No me refiero a la literatura de viajes, a Los anillos de Saturno de W.G. Sebald, ni a La isla de Juan Fernández, de MSO. Tampoco a Atrapados en el paraíso, de Patxi Irurzun, ni a Habana 2009, título provisional, que estoy escribiendo. Me refiero a los libros que uno lee cuando está de viaje.

Los libros que uno lee cuando está de viaje son libros que te apartan del viaje. Son viajes dentro del viaje, un doble viaje, y eso es un doble placer. No así la doble ficción, esto es, cuando un amigo te cuenta un sueño (relato ficticio de otro relato) o cuando en una novela (ficción) te cuentan una peli (ficción), cosa cansina ésta hasta el extremo.

Hay que leer durante los viajes, aunque sean cuatro páginas al día. La lectura durante el viaje te separa, un rato, del viaje. Olvidas que estás en tal sitio y cuando cierras el libro, recuerdas que estás en tal sitio. El viaje es acotación del tiempo, de la vida, un paréntesis sagrado en unas coordenadas espacio-temporales determinadas; un viaje es como una novela, un relato, una ficción. Tiene principio y final, tiene un escenario, unos personajes. Tiene complicaciones, sorpresas, puntos de giro, grados de intensidad. Un libro, lo mismo. Leer es viajar, viajar es escribir la propia vida (para luego leerla). Por eso, leer durante el viaje es una experiencia muy interesante.

En estos recientes días en Praga leí Invisible de Paul Auster. Me metí un rato en un bar, alejado un rato de mi familia viajera, pagué 33 eslotis checos (euro y poco) por una pinta de cerveza y me puse a leer esas guarradas austerianas de Adam Walker tirándose a su hermana Gwyn Walker, en 1967. Otra vez que estuve en Praga, leí Mis amigos, de Emmanuel Bove, ese Walser afrancesado. En Bruselas, La última estación, de Jay Parini, sobre los últimos días de Lev Tolstoi, huyendo de su histérica esposa y abrazando la austeridad en la cabañuela de Astopovo, Rusia.
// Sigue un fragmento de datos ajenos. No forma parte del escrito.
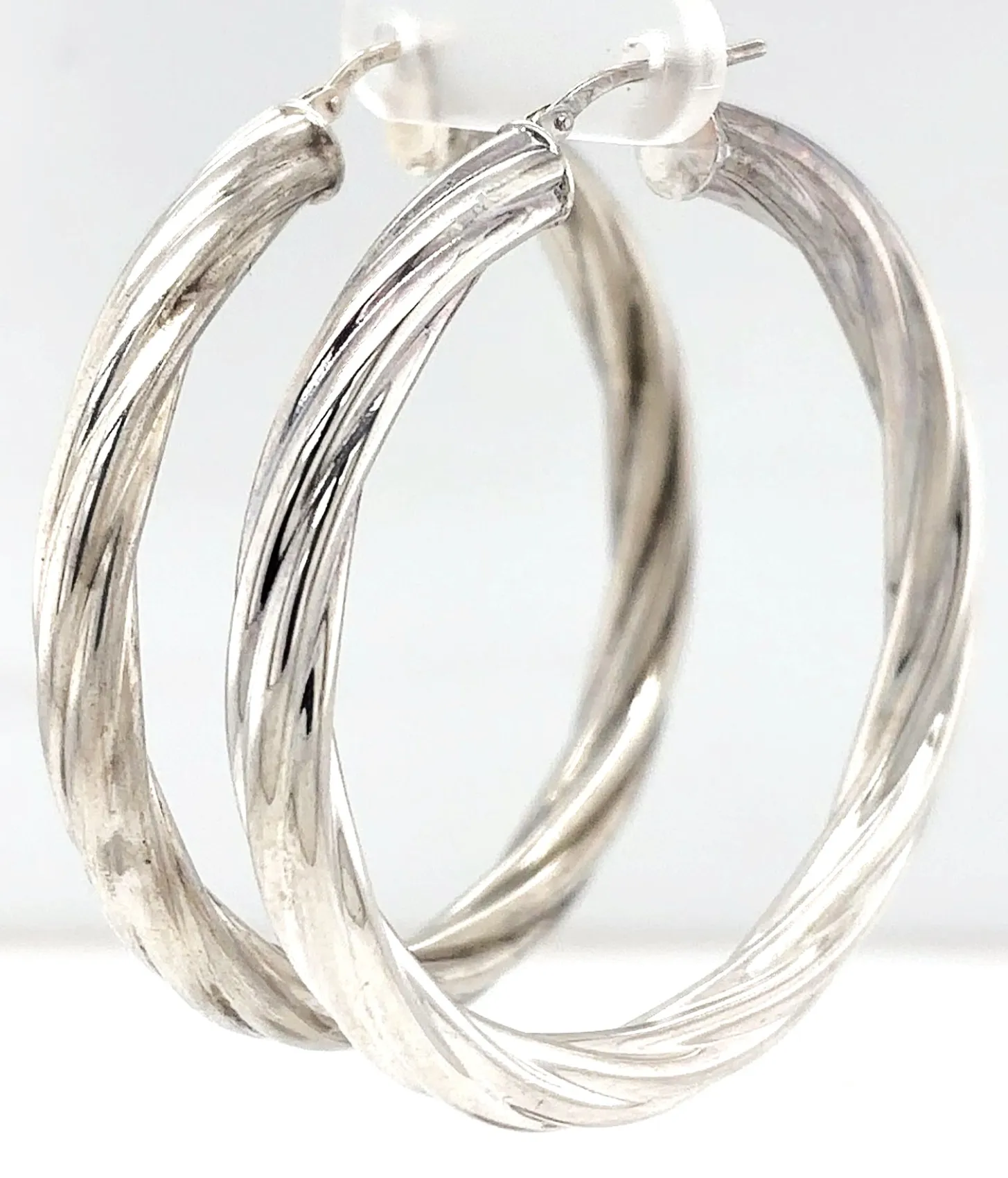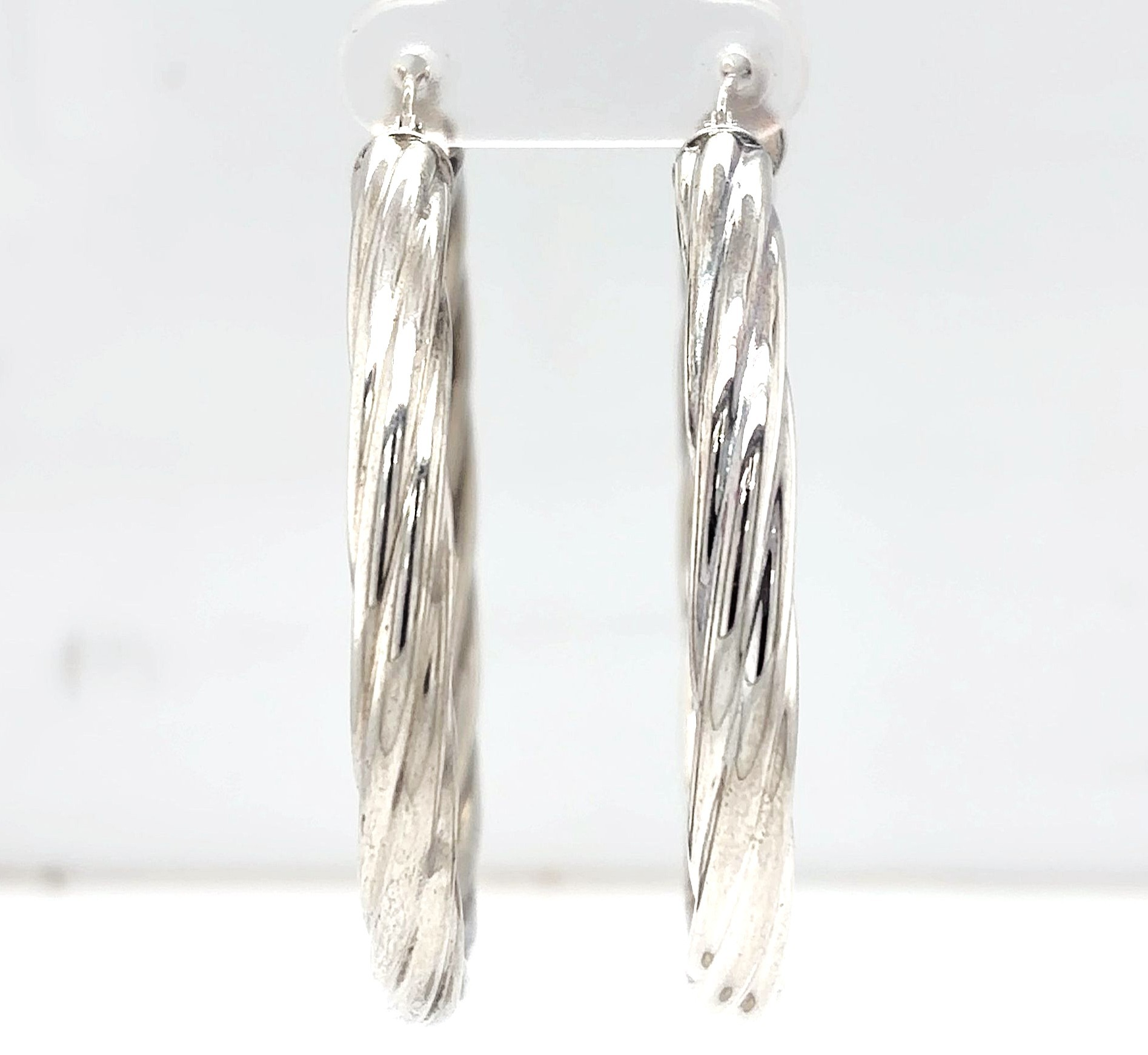 Striking and elegant, these sterling silver large twisted hoop earrings feature a beautifully sculpted twist design that adds texture and dimension to a timeless hoop silhouette. Their bold 50mm diameter creates a confident statement while maintaining refined sophistication. Crafted from solid sterling silver, the earrings weigh 10.8 grams and measure 50mm x 50mm x 5.0mm, offering a substantial yet balanced feel. The polished twisted finish catches the light from every angle, making them perfect for both daytime styling and evening wear. A standout addition to any jewellery collection, these large silver hoops are ideal for those who appreciate classic designs with a contemporary edge.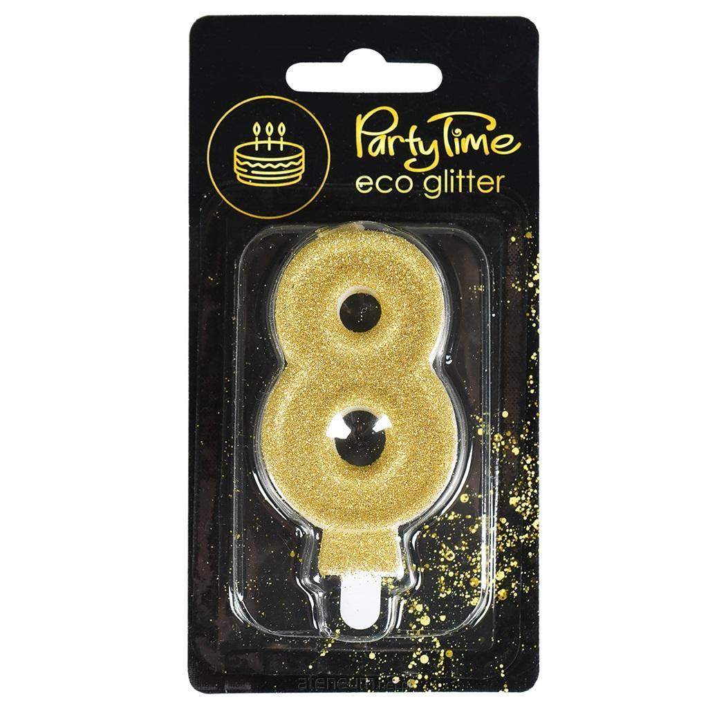 Świeczka cyferka z eko-brokatem nr 8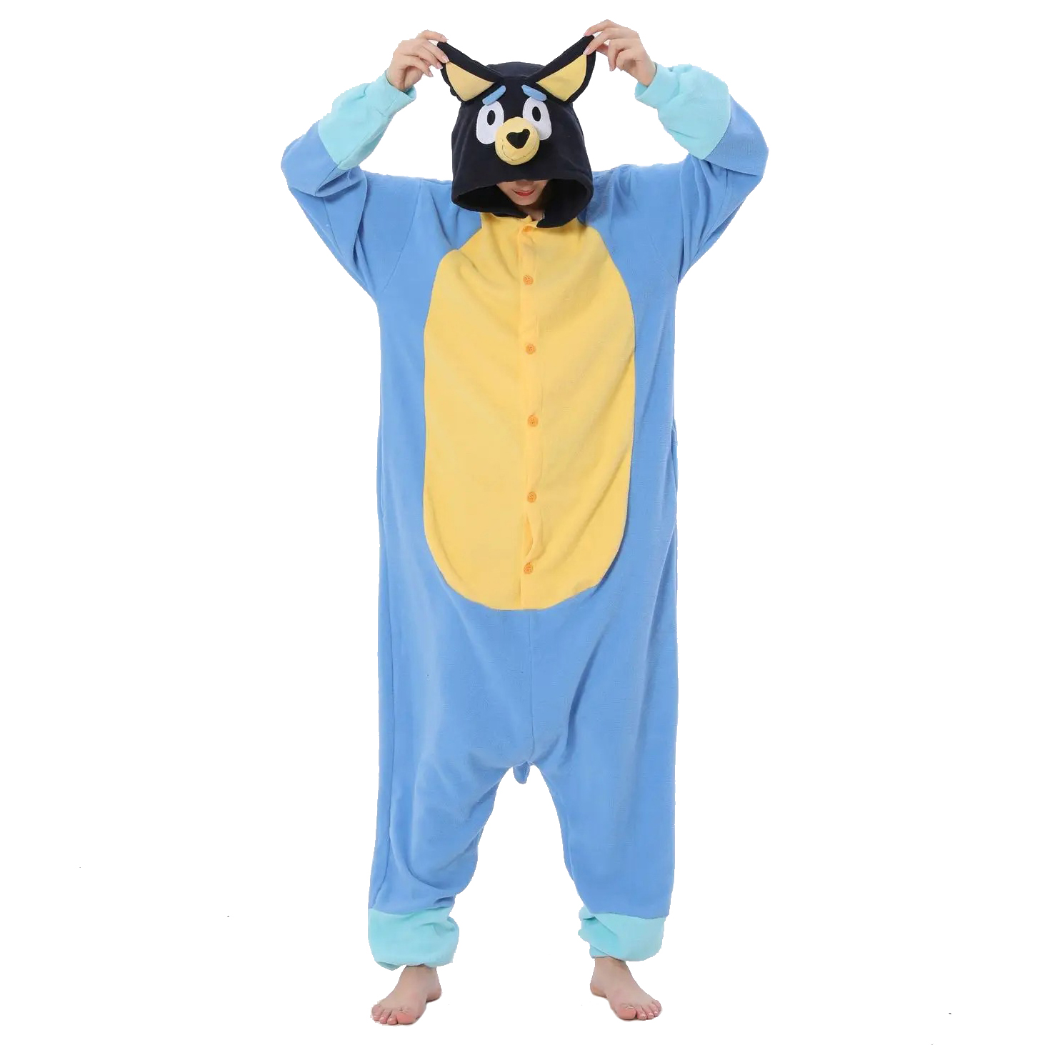 The Bluey onesie for adults is designed to satisfy all your cosy-night-in desires. Its fleece fabric wraps you in cloud-soft comfort, instantly creating that cuddly feeling you’ll never want to leave. Meanwhile, its playful design delights Bluey fans young and old. With its adorable dog-inspired look, it adds a fun, light-hearted touch to your evenings and sparks that sense of play we all secretly love.

En Croacia me metí en el mundo sobrio, tenue, triste, robinsoniano, de Coetzee en Vida y época de Michael K. Otro día, en un camarote de barco mediterráneo, leí Insomnio de Fernando Chivite. En el París de mis veinte años, leí París era una fiesta, de Hem, y L'étranger, de Camus.

Los libros, como complementos a la vida, al viaje de la vida. Para eso están.

9 comentarios :

  1. ¿Cuándo podremos leer algo de ese Habana 2009? Abrasos.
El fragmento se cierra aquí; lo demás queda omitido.